Based on lending of Altron FinTech-supported credit providers, NCR data for Q2 2022 is expected to show a decline of 7.8%.

Johannesburg, 30 Sep 2022
Keith Lockwood
Keith Lockwood

The latest Altron FinTech Short-Term Credit Impact (AFSCI) Index, which tracks the impact of short-term credit[1] extension on the South African economy on a quarterly basis and is compiled independently by economist Keith Lockwood, was released today.

The index is an important indicator of the financial health of a vulnerable and often neglected portion of South Africa’s population and aims to improve the understanding of the role that short-term credit plays in the economy through its support of sales, employment and tax collections, and ultimately, therefore, the country’s gross domestic product (GDP).

As in the previous edition of the index, trends in short-term credit extension are supported by data from Altron FinTech’s technology platform and are used to provide an indicator of likely trends in the broader short-term credit market in the most recent quarter, ie, Q2 of 2022.

Previously, data supplied by Altron FinTech indicated a 5.2% decrease in net credit extension between Q4 of 2021 and Q1 of 2022. When it was released, National Credit Regulator (NCR) data showed that the actual decline was slightly larger at 8.3%.

In this edition, Altron FinTech data points to a further expected decline in net short-term credit extension of 7.8% in Q2 of 2022 when compared with the first quarter of this year.

Highlights of the index[2]

[1] Short-term credit is defined as loans with values not exceeding R8 000 that are repayable within six months.

[2] The calculation of the economic impact in this edition were updated using the latest CPI weights for different expenditure deciles. As a result, the values may vary from those of previous editions.

Lockwood says it is important to consider the context of the data. “As you know, consumer credit markets do not operate in isolation from the rest of the economy. Given the lag in the release of credit data by the NCR, it is worth remembering what was happening in the economy between January 2022 and June 2022 – the period that is the focus of the new credit data covered by this edition of the index.

“After the surge in Omicron-related infections in late 2021 and early 2022, COVID-19 largely ceased being of concern, allowing the government to lift the National State of Disaster in April. However, the economy continued to be battered by several developments that have prevented it from gaining growth momentum.”

Lockwood lists the most critical of these as being:

  • The Russian invasion of Ukraine, which has caused disruption to global energy and food supplies resulting in a rapid increase in inflationary pressures around the world.
  • In response, monetary authorities around the world have raised policy rates significantly. The South African Reserve Bank has followed these trends.
  • Maintenance and breakdowns of generation units resulted in Eskom implementing over 100 days of load shedding in South Africa in the year to September 2022.

“As a result, while the country’s GDP in Q2 2022 was marginally – 0.8% – larger than a year earlier, the rate of growth was lower than the increase in the population over the same period.
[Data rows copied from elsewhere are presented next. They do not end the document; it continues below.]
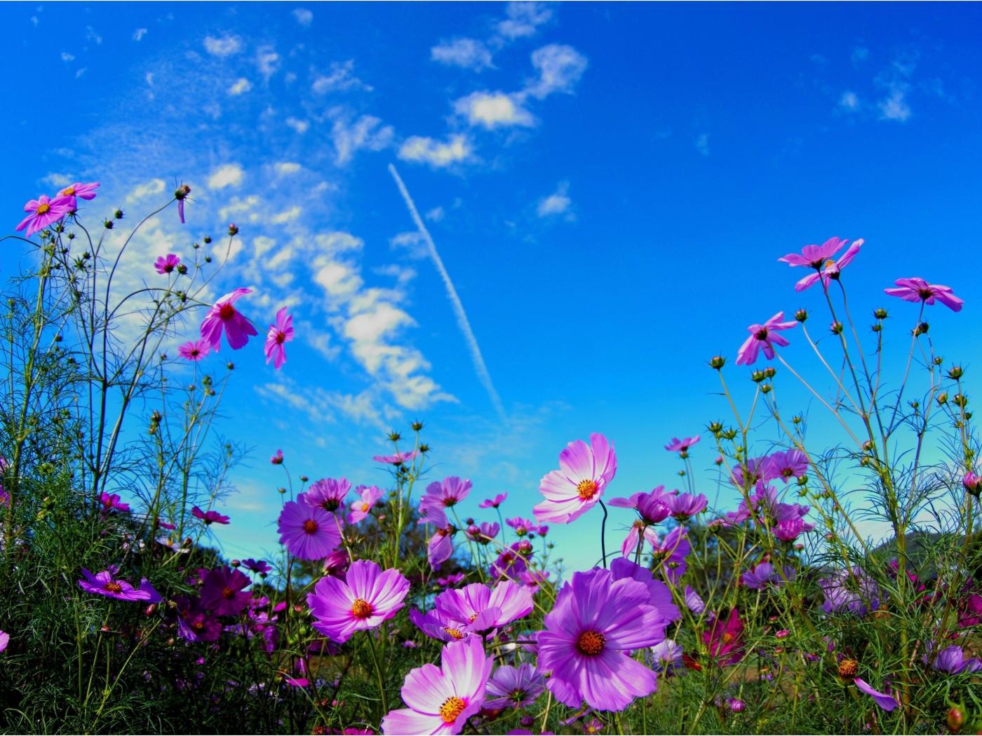 Обои Яркие розовые цветы космеи на фоне голубого неба
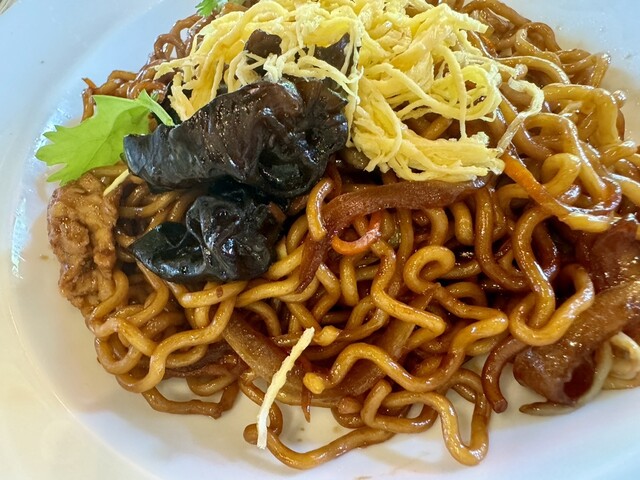 メインは、エビワンタン蕎麦に、上海焼きそば
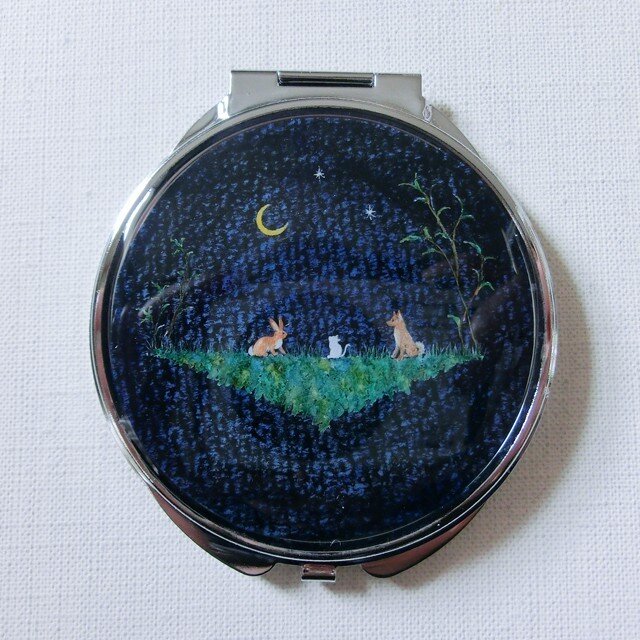 けものみちでばったり出逢ったうさぎと子ねこといぬを描いたオリジナルイラスト(原画)を樹脂でとじこめました。
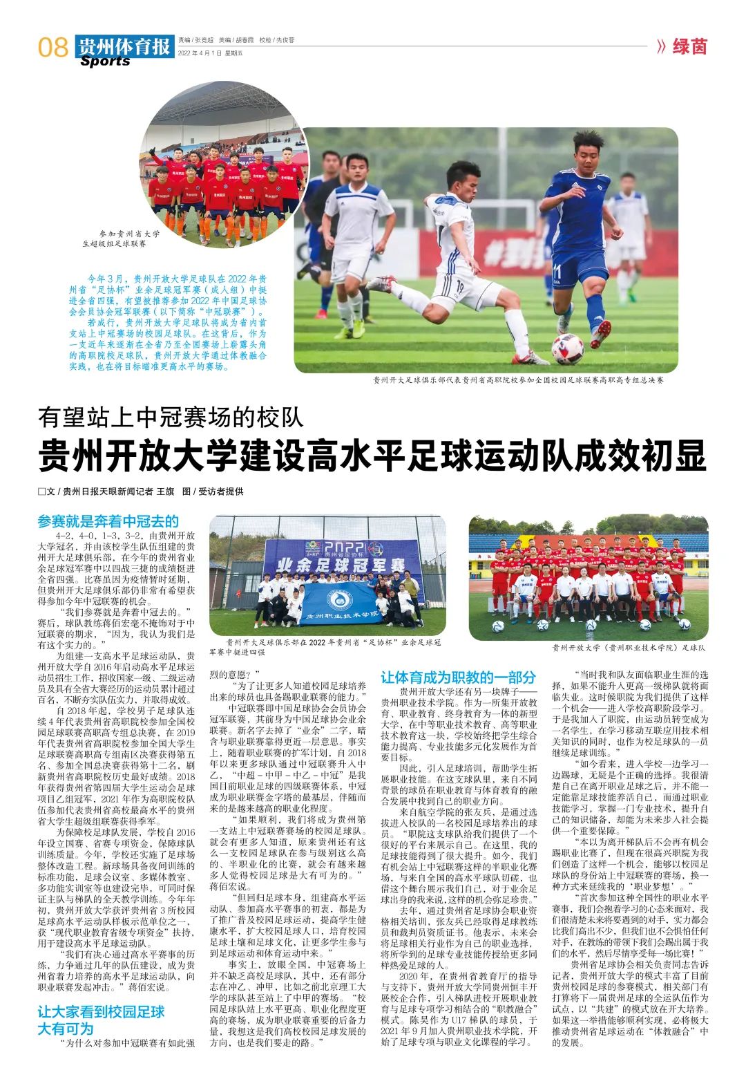 4月1日,贵州省体育报对我校高水平足球运动队建设系列工作进行了整幅刊面的专题报道。这是继2020年我校足球项目开展成果工作获“贵州教育发布”官微点赞之后,第二次被省内官媒认可并作专题报道。
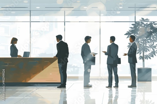 Business Professionals in Modern Office Lobby
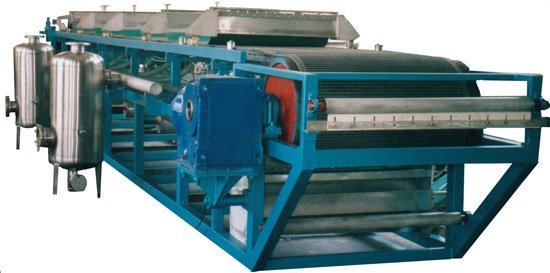 橡胶带式真空过滤机是我厂在引进国外同类产品技术基础上,自主开发的一种高效过滤固液分离设备。该设备采用了固定真空盒,胶带在真空盒上滑动,真空盒与胶带间构成运动密封的结构型式。它能连续自动完成过滤、滤饼洗涤、卸渣、滤布再生等工艺操作,并且母液有与滤饼洗涤液可以分段收集。具有过滤效率高、生产能力大、洗涤效率好,滤饼水分低、操作灵活、维护简单等优点。胶带机经我厂多年改进和完善,产品的技术性能和质量已达到了国际**,已广泛应用于冶金、矿山、化工、电厂湿法烟气脱硫、煤化工、造纸、食品、制药及环保等行业。
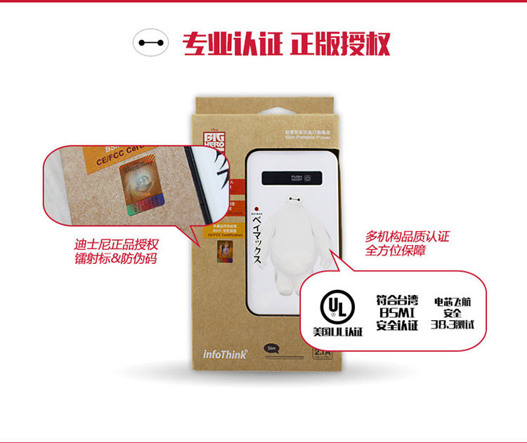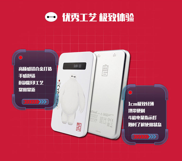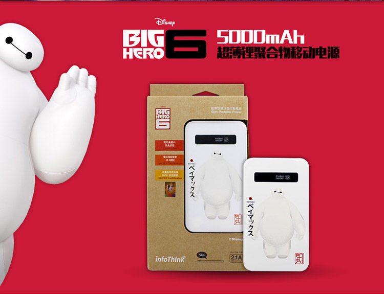 Подлинный Disney Super Energy Marine Corps Mobile Power Baymax Big White Cartoon Mobile Plate -Платформенная общая зарядка сокровища
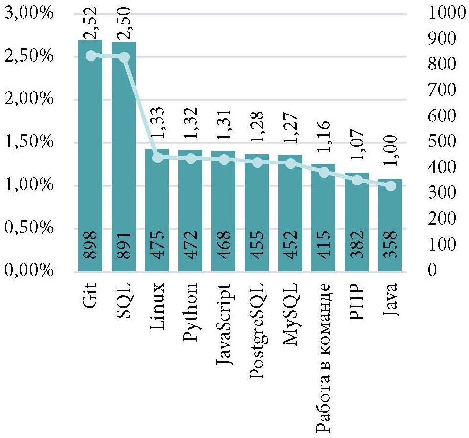 Результаты показали, что продвинутые цифровые навыки требуются преимущественно в ИТ-сфере и предполагают в подавляющем большинстве знание языков программирования: в пятерку наиболее востребованных вошли Git (2,52 %), SQL (2,5 %), Linux (1,33 %), Python (1,32 %), JavaScript (1,31 %) (рис. 5).
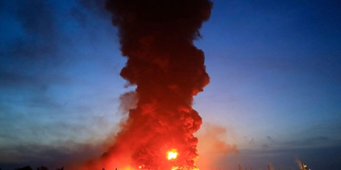 大火始于午夜,白天和白天都燃烧。当局无法估算何时可以完全扑灭大火。拥有炼油厂的公司在一份声明中说:“大火的原因是确定的,但在事件发生时,大雨伴随着闪电”。

This led to a further decrease in real GDP per capita, which is now almost 7% lower than it was at the start of 2015.”

Importantly, says Lockwood, South Africa’s stagnating economy has served to further exacerbate poverty and inequality. “Based on the share of total expenditure calculated as part of the CPI weights, the poorest 10% of households were trying to survive on an average of R920 per month in Q2 of 2022, while the wealthiest 10% spent an average of over R93 000 per month.”

The pressures on the financial position of most households also continue to be reflected in the high rates of rejection of credit applications. “In Q1 of 2022, almost two out of every three applications for credit were rejected, compared with less than one in two in early 2018. This points to low levels of credit worthiness among most credit applicants and is reflected in the relatively low rates of growth in consumer credit extension, and in the favouring of secured credit, ie, mortgages and asset finance over other forms of credit.”

As at the end of the first quarter of 2022, the value of credit still on the books of registered credit providers amounted to R2.16 trillion – up 6.2% on a year earlier and 2.3% (R49 billion) higher than the previous quarter. Over 52% of this consisted of mortgages, more than 22% was secured credit and almost 10% was unsecured credit. However, short-term credit only accounted for 0.1% of the total.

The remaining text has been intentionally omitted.